Description of the task >> Repeat the data in full. Drop every picture.

Supplied information >>
****************************************
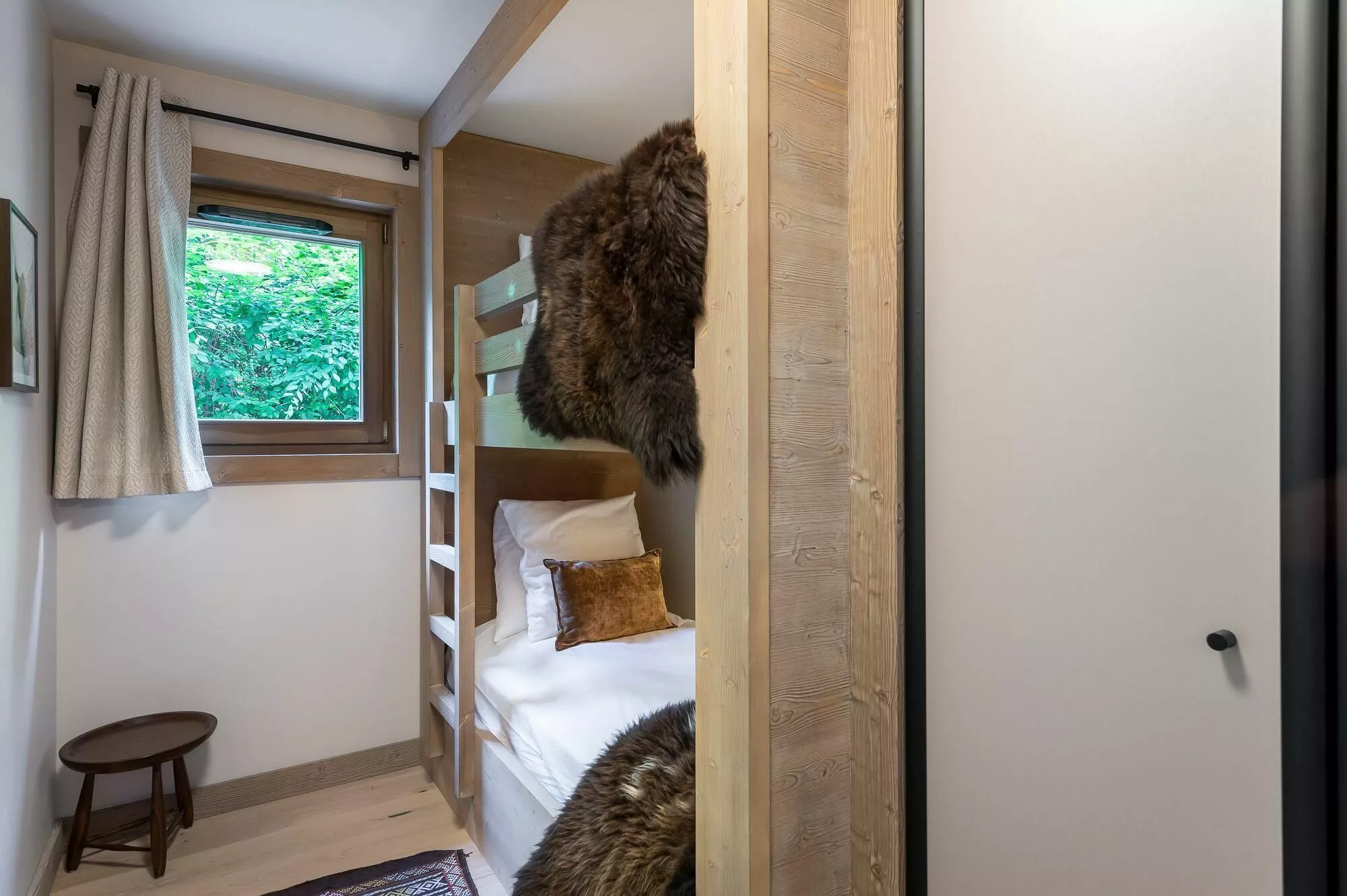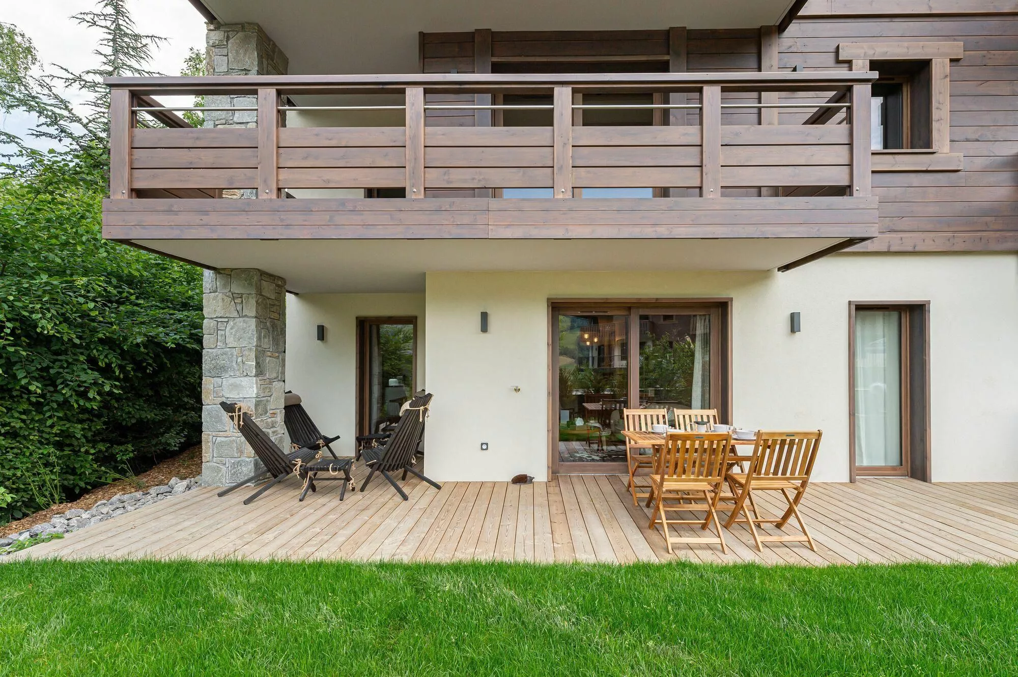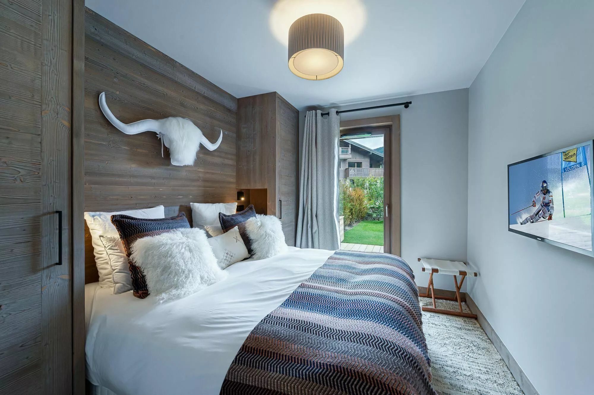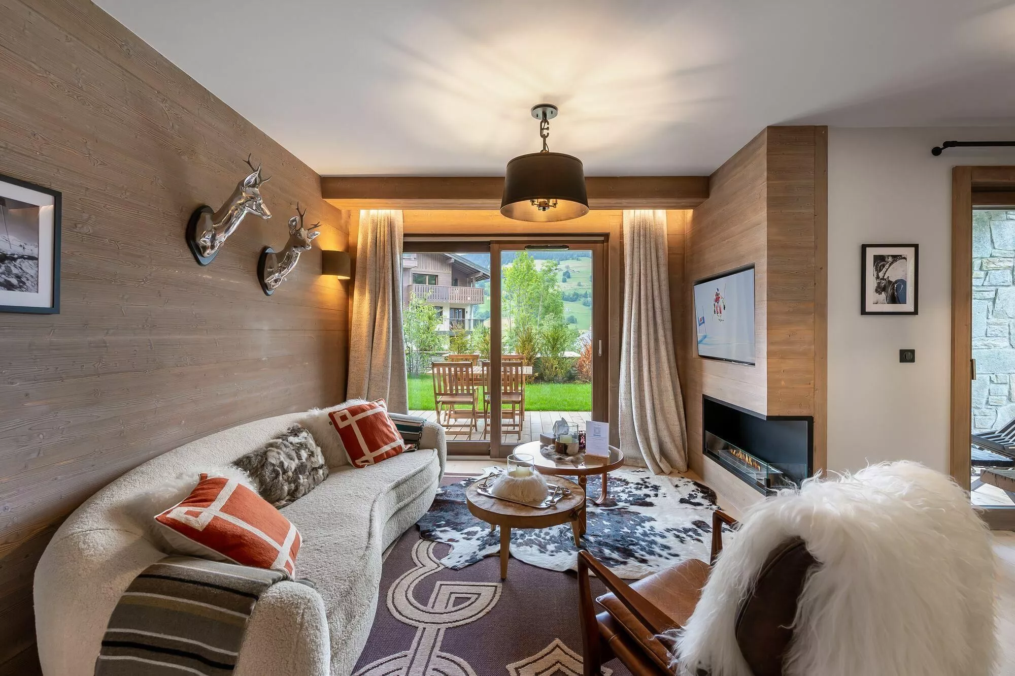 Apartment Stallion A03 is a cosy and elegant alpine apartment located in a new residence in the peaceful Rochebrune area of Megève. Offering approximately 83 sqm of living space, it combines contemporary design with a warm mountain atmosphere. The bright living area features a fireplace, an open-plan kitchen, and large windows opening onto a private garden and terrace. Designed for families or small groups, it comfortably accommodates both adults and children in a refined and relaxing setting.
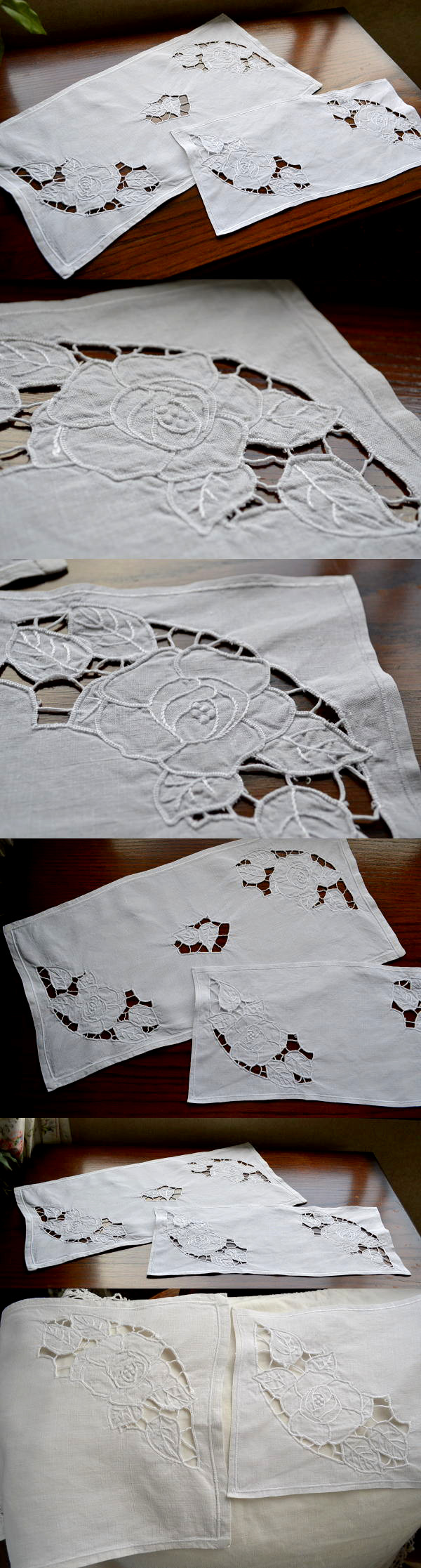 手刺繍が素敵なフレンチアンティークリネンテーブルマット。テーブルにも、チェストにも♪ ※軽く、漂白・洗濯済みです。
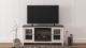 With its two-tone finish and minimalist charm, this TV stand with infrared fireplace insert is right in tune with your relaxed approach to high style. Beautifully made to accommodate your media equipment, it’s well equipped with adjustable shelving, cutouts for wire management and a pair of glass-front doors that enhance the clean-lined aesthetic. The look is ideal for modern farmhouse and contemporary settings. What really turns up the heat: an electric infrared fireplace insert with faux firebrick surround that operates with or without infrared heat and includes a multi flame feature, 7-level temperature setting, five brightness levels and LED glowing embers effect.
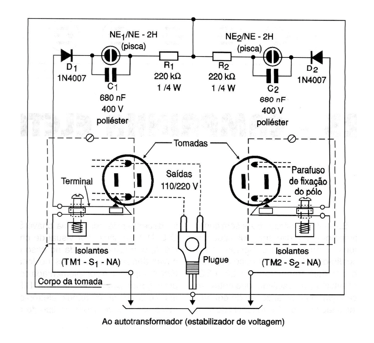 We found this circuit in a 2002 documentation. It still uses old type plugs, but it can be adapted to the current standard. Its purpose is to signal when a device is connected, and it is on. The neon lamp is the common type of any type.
****************************************
Result of this task >>
 Apartment Stallion A03 is a cosy and elegant alpine apartment located in a new residence in the peaceful Rochebrune area of Megève. Offering approximately 83 sqm of living space, it combines contemporary design with a warm mountain atmosphere. The bright living area features a fireplace, an open-plan kitchen, and large windows opening onto a private garden and terrace. Designed for families or small groups, it comfortably accommodates both adults and children in a refined and relaxing setting.
 手刺繍が素敵なフレンチアンティークリネンテーブルマット。テーブルにも、チェストにも♪ ※軽く、漂白・洗濯済みです。
 With its two-tone finish and minimalist charm, this TV stand with infrared fireplace insert is right in tune with your relaxed approach to high style. Beautifully made to accommodate your media equipment, it’s well equipped with adjustable shelving, cutouts for wire management and a pair of glass-front doors that enhance the clean-lined aesthetic. The look is ideal for modern farmhouse and contemporary settings. What really turns up the heat: an electric infrared fireplace insert with faux firebrick surround that operates with or without infrared heat and includes a multi flame feature, 7-level temperature setting, five brightness levels and LED glowing embers effect.
 We found this circuit in a 2002 documentation. It still uses old type plugs, but it can be adapted to the current standard. Its purpose is to signal when a device is connected, and it is on. The neon lamp is the common type of any type.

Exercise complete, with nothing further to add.